Jakarta – Kasus pencurian makanan di restoran milik Nabilah O'brien, Kemang, Jakarta Selatan, dimulai pada 19 September 2025 pukul 22.51 ketika pasangan Z dan E memesan 14 produk makanan dan minuman. Setelah pemesanan, mereka menerobos ke area dapur, memukul head kitchen Abdul Hamid, serta menimbulkan kekerasan verbal dan ancaman.
Pada malam hari, pasangan tersebut meninggalkan restoran tanpa membayar. Nabilah mengunggah rekaman CCTV pada 20 September yang mendapat respons positif dari pengusaha lain di wilayah tersebut.
Nabilah melayangkan somasi kepada Z dan E pada 24 September, meminta permintaan maaf publik. Pada 25 September, dia melaporkan dugaan pencurian ke Polsek Mampang Prapatan. Tiga hari kemudian, Z dan E menanggapi dengan somasi balik yang menuntut Rp 1 miliar.
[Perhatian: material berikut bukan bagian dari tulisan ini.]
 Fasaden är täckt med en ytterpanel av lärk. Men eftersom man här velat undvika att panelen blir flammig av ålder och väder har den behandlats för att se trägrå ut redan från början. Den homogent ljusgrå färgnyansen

Pada 30 September, pasangan tersebut melaporkan Nabilah ke Bareskrim Polri atas tuduhan pelanggaran UU ITE, pencemaran nama baik, dan fitnah. Mediasi dilakukan dua kali oleh Polsek Mampang dan Bareskrim pada 30 September serta 17 November tanpa mencapai kesepakatan.
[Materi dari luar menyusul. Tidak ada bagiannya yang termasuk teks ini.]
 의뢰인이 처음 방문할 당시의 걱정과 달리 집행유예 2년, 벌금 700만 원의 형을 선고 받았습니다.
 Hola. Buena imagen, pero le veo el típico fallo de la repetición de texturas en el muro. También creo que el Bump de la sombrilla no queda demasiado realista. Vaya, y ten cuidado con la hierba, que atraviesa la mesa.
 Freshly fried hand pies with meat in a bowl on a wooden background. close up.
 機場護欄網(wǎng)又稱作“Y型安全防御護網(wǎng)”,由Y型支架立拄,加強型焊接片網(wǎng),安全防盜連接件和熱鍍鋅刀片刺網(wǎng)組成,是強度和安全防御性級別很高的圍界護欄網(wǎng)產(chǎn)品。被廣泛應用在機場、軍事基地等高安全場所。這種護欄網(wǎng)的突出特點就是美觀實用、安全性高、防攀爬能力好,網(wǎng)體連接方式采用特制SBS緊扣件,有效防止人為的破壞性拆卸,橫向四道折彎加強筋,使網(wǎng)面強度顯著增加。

Pada 18 November, Nabilah mengirimkan perjanjian perdamaian tanpa syarat materiil dan mencabut laporan di Polsek serta Bareskrim. Namun, proses penyelidikan berlanjut.
Tersangka ditetapkan: Z dan E pada 24 Februari 2026, sementara Nabilah pada 28 Februari 2026, setelah gelar perkara baru dibuat dua hari sebelumnya.
—DataBicara: Kasus ini menyoroti kompleksitas penegakan hukum dalam dugaan pencurian makanan dan konflik antara pelaku usaha dengan pihak yang dituduh.